The Yunnan-Vietnam Railway was the first to link the province with other countries, running 855 km from Kunming to Haiphong in Vietnam. Because of its narrow gauge, the railway is often called "The 1-meter-gauge railway".
Construction of the Vietnamese section began in 1901 and was completed in 1903. The Yunnan section was finished in 1910, and its 425 bridges and 155 tunnels, accounted for 36 percent of its total length. The line began at Kunming North Railway Station and ran to Hekou, via towns such as Yiliang, Kaiyuan, Mengzi and Pingbian.

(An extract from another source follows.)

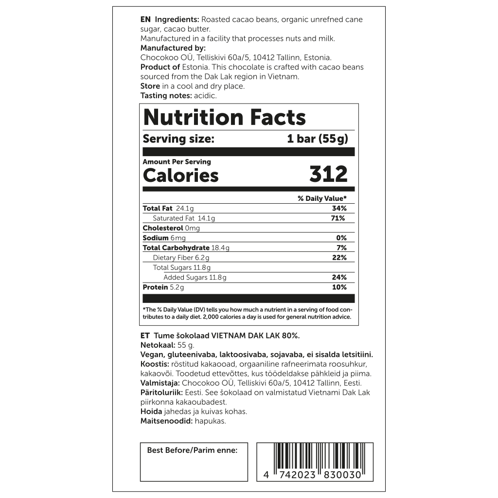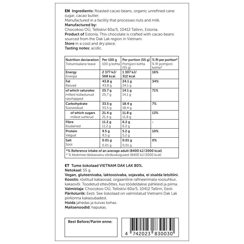 Alkuperämaa: Viro. Vietnam 80% tumma suklaa on valmistettu Vietnamin Mekong Deltan alueen kaakaopavuista. Suklaa on miellyttävän hapokasta ja siinä on voimakas jälkimaku.

In 1940, Japanese soldiers invaded Vietnam and bombed the railway. To prevent the Japanese from moving north into Yunnan, the order was given to destroy Hekou Bridge, which connected Yunnan and Vietnam at the time. Some parts of the Yunnan section were also dismantled. The original rails were later used for the Kunming-Qujing railway that carried the international military supplies on the Yunnan-Myanmar Road and the Hump Flights.
In 1946, China regained sovereignty and management of the Kunming-Hekou railway after negotiations with France. The railway was reopened in 1957, and its peak came in the 1990s when the road network was unable to support adequate trade transport. Now, only two or three trains run on the old-fashioned railway each week, according to Kunming Railway Bureau.